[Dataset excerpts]
===
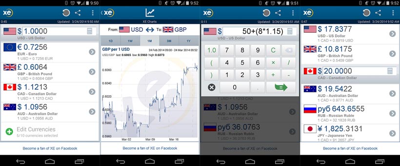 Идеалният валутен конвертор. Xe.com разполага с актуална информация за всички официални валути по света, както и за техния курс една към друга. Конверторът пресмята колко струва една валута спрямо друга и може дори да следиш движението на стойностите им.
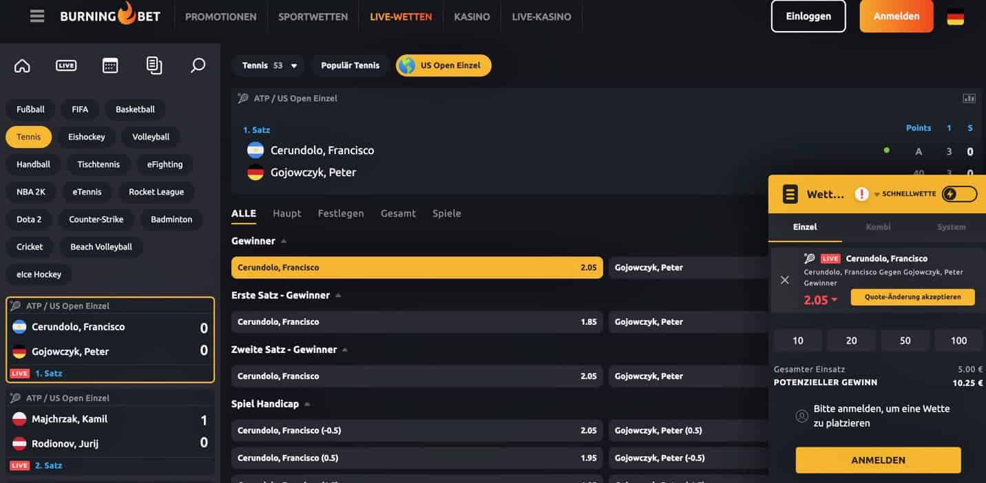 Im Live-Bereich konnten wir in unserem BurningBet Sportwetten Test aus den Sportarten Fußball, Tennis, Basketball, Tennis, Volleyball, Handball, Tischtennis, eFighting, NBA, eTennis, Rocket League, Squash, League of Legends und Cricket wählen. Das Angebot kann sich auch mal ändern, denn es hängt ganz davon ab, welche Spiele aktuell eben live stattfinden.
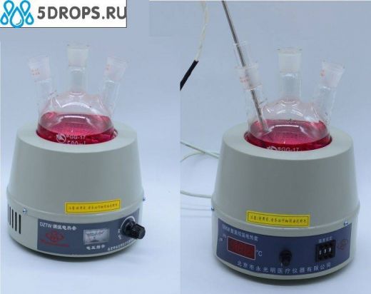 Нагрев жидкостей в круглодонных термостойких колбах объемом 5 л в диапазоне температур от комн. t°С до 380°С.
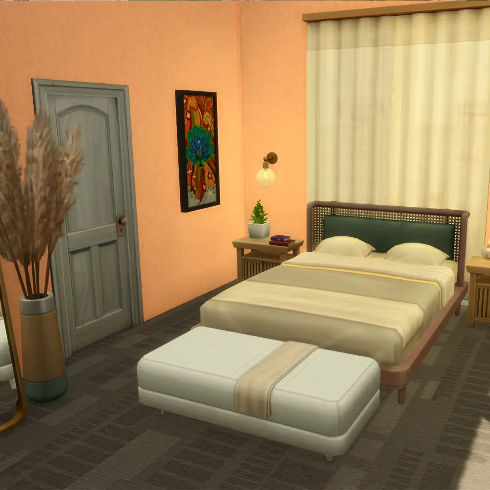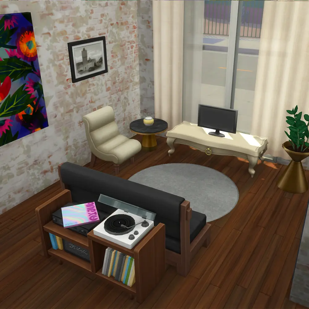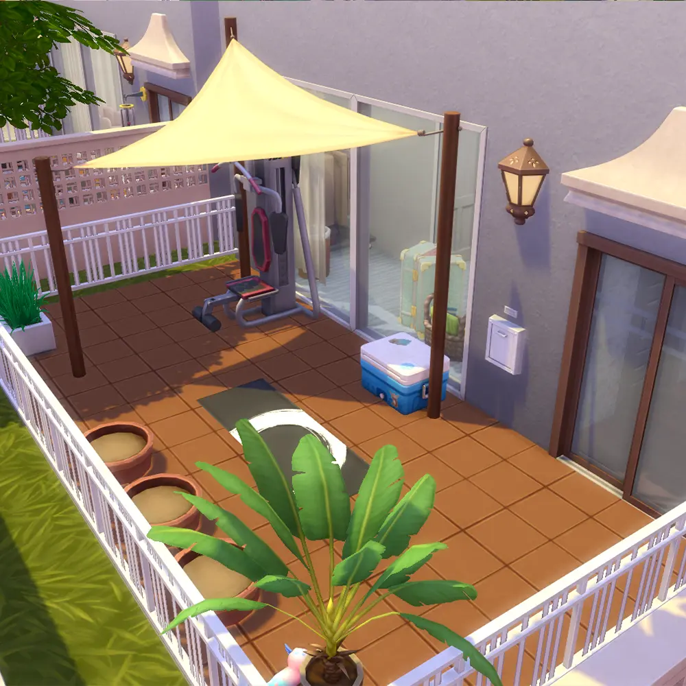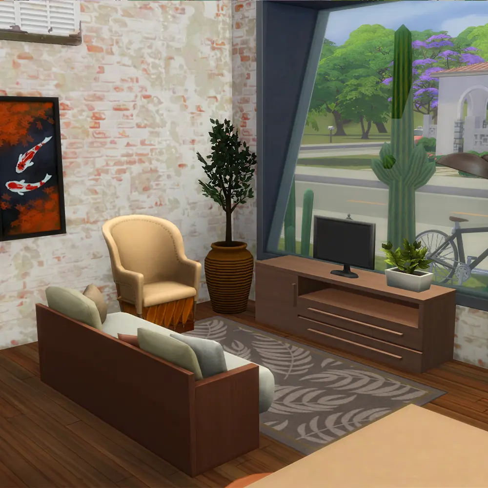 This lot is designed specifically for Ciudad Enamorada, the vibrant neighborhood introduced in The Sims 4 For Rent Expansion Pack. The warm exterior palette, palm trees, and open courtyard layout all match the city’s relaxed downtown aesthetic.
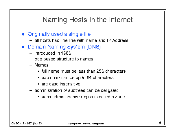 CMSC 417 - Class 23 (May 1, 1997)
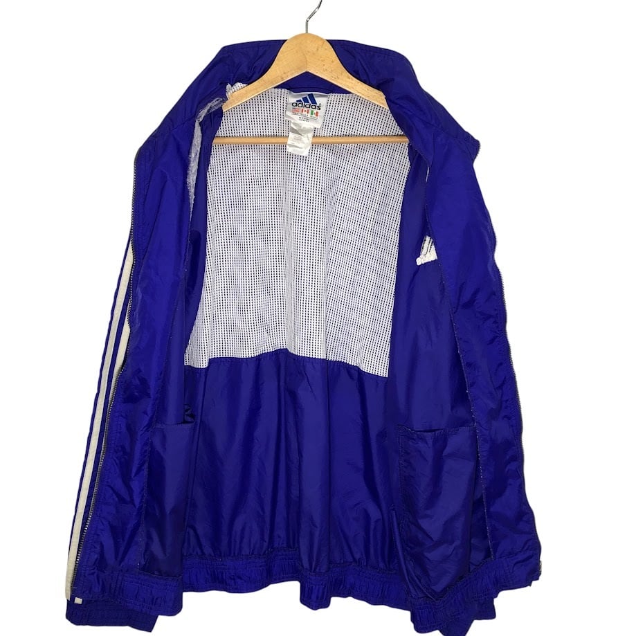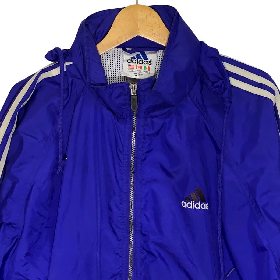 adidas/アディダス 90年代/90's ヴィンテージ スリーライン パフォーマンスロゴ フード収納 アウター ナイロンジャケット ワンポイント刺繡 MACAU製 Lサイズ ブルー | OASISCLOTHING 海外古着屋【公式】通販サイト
===
Repeat each entry above exactly, passing over any images.

## Answer for this exercise
 Идеалният валутен конвертор. Xe.com разполага с актуална информация за всички официални валути по света, както и за техния курс една към друга. Конверторът пресмята колко струва една валута спрямо друга и може дори да следиш движението на стойностите им.
 Im Live-Bereich konnten wir in unserem BurningBet Sportwetten Test aus den Sportarten Fußball, Tennis, Basketball, Tennis, Volleyball, Handball, Tischtennis, eFighting, NBA, eTennis, Rocket League, Squash, League of Legends und Cricket wählen. Das Angebot kann sich auch mal ändern, denn es hängt ganz davon ab, welche Spiele aktuell eben live stattfinden.
 Нагрев жидкостей в круглодонных термостойких колбах объемом 5 л в диапазоне температур от комн. t°С до 380°С.
 This lot is designed specifically for Ciudad Enamorada, the vibrant neighborhood introduced in The Sims 4 For Rent Expansion Pack. The warm exterior palette, palm trees, and open courtyard layout all match the city’s relaxed downtown aesthetic.
 CMSC 417 - Class 23 (May 1, 1997)
 adidas/アディダス 90年代/90's ヴィンテージ スリーライン パフォーマンスロゴ フード収納 アウター ナイロンジャケット ワンポイント刺繡 MACAU製 Lサイズ ブルー | OASISCLOTHING 海外古着屋【公式】通販サイト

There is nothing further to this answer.